Segundo relatos, o telefonema durou cerca de duas horas e foi descrito como difícil por uma fonte próxima aos negociadores. Zelenskyy afirmou, via redes sociais, que as conversas buscaram pontos para encerrar a violência e evitar uma nova invasão.

Panorama dos Estados Unidos

Keith Kellogg, emissário de Trump, afirmou que os esforços para encerrar o conflito estavam nos “últimos dez metros”, destacando a disputa sobre território e o destino da usina nuclear de Zaporizhzhia. Kellogg, que deixará o cargo em janeiro, participou das discussões na Flórida.

Análises indicam que tanto os EUA quanto a UE podem não concordar com o tipo de garantias de segurança que dissuadam a Rússia de nova ofensiva.
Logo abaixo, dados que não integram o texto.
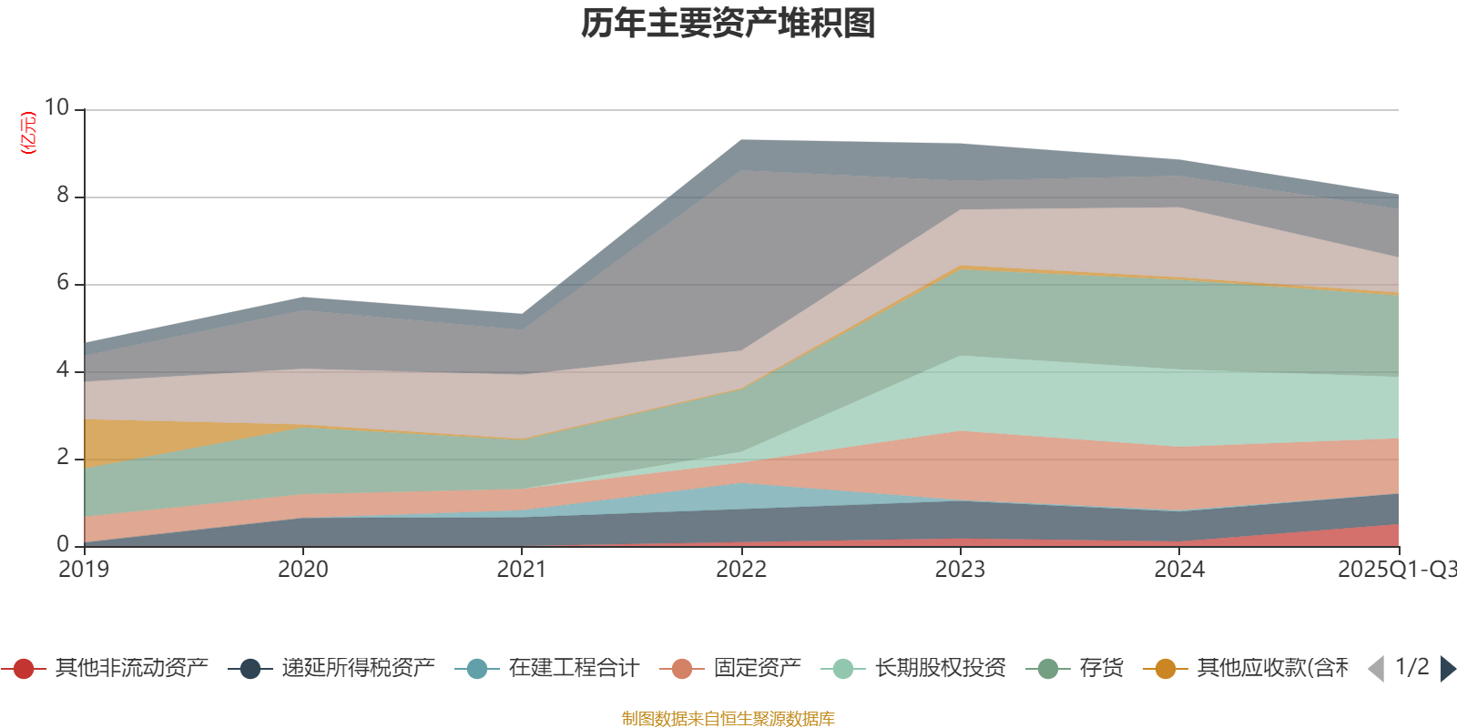 资产重大变化方面,截至2025年三季度末,公司应收票据及应收账款较上年末减少49.65%,占公司总资产比重下降8.09个百分点;货币资金较上年末增加52.94%,占公司总资产比重上升5.56个百分点;其他非流动资产较上年末增加385.13%,占公司总资产比重上升5.05个百分点;长期股权投资较上年末减少20.73%,占公司总资产比重下降2.58个百分点。
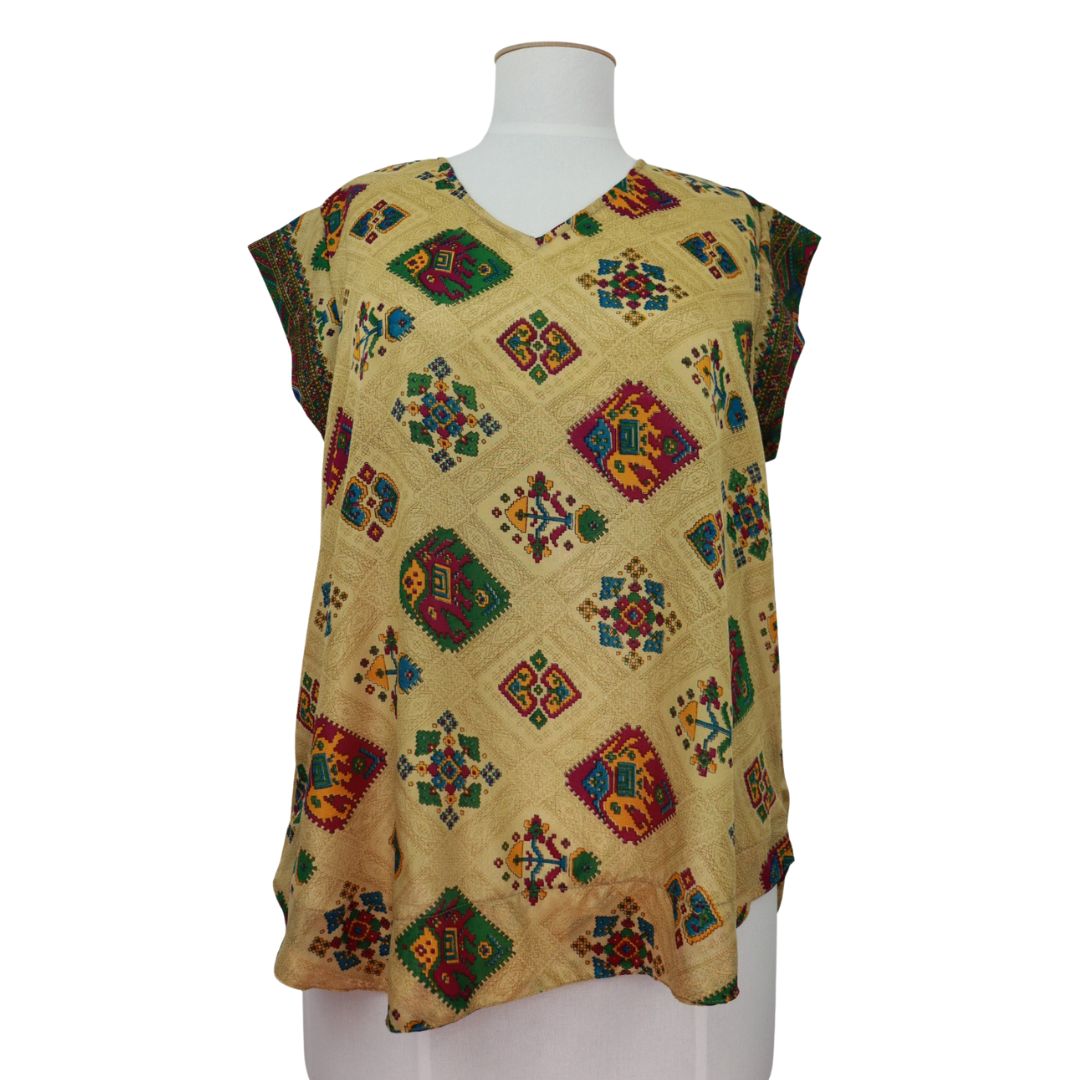 Since we cannot trace back the origin of each Sari we upcycle and each garment is unique (preventing batch testing), it’s impossible to say for sure what the actual fabric content is.
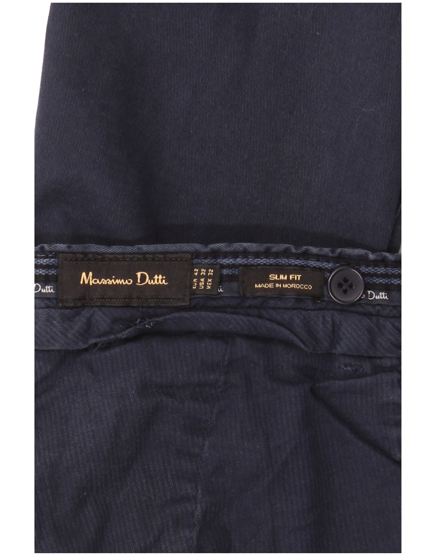 MASSIMO DUTTI Mens Slim Fit Chino Trousers EU 42 Large W32 L34 Navy Blue

O cenário permanece volátil, com o objetivo de evitar uma escalada maior.

Situação na Ucrânia

Na zona de combate, ataques à infraestrutura energética ucraniana continuam, causando quedas de energia e interrupções no abastecimento. Um morador de Chernihiv morreu em ataque de drone, no sábado, segundo autoridades locais. Em Kremenchuk, ataque de drones e mísseis atingiu a rede de energia, afetando água e luz no domingo.

A ofensiva energética sucede mais de 600 drones e 50 mísseis utilizados na sexta-feira. Especialistas alertam para um inverno difícil, com consequências humanitárias significativas, enquanto as negociações dialogam com realidades no terreno.